When D1 Grand Prix launched in 2001, the JZX100 Chaser was already a fixture in the Japanese drift scene — a four-door car with a tuneable 1JZ-GTE, a 53/47 weight split, and a price point within reach of privateers. Through the early 2000s teams campaigned JZX100s alongside Silvias and Skylines, and the car became the platform of choice for drivers who wanted Supra-adjacent power without Supra cost.

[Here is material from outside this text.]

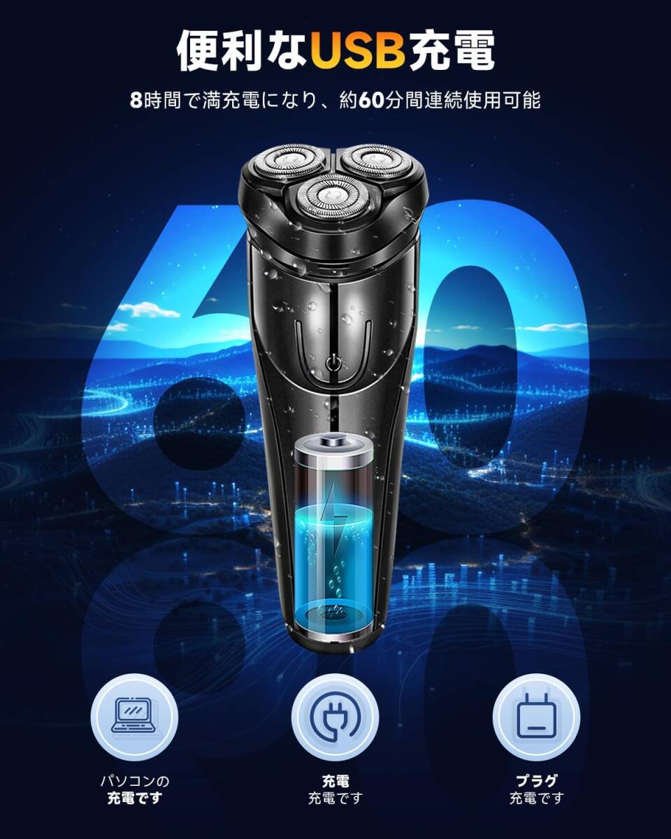 • 【低騒音設計&USB急速充電】髭剃りはノイズも40デシベル未満のに、早朝や深夜でも遠慮なく使用可能です。使いやすくて便利なUSBプラグ Type-C 充電、髭剃り 電動 メンズシェーバー 人気 USB充電で、8時間で充電が完了し、約60分連続して使用することができ、日常の使用や旅行に便利を提供します。便利なUSB充電タイプなので、パソコン、車載充電器やモバイルバッテリーなどUSBポートのあるところで充電しでき、出張先、旅行先、車内でのご利用も楽です。

Drift Tengoku, Option, and Video Option all featured Chasers heavily across that same window, and Toyota keeping the Cresta and Mark II in showrooms meant cheap donor cars were available. By the time the Chaser was discontinued in 2001 and replaced by the Verossa, the JZX100 Tourer V had become the four-door counterpart to the S15 Silvia in the JDM tuner scene — a position it still holds now that the 2004 Mark X has replaced the lineage entirely.
That reputation — combined with the 25-year US import clock starting to tick on 1996 cars in 2021 — drives prices for clean, documented Tourer V examples upward year over year. Supply of rust-free, low-km, original-paint shells is finite; demand is not.
Editorial notes
Quick read
Constants
Chassis history
The Chaser ran for six generations from 1977 to 2001, and the early ones aren't really what people mean when they say Chaser. The X30 through X70 are JDM curios. Everyone's actually after the JZX90 and JZX100, when the 1JZ-GTE shows up and the car turns into the drift sedan you've seen in Drift Tengoku and Option.
X80 (GX/JZX81; 1988–1992)
X90 (JZX90; 1992–1996)
Buyer's call
The Chaser is a sleeper. It looks like a plain four door and happens to come with a 1JZ-GTE under the hood. The catch is that parts are getting harder to find and rust is real on cars that lived their whole life in Japan.
Reliability
The Chaser is mechanically bullet-proof. Most owners report the drivetrain just keeps going, even when the car gets abused. What does fail is the same stuff that fails on any 25-year-old Japanese car. Electronics get flaky. Rust shows up on shells that never saw rustproofing from the factory, and clutches wear faster than you'd expect on the manual cars.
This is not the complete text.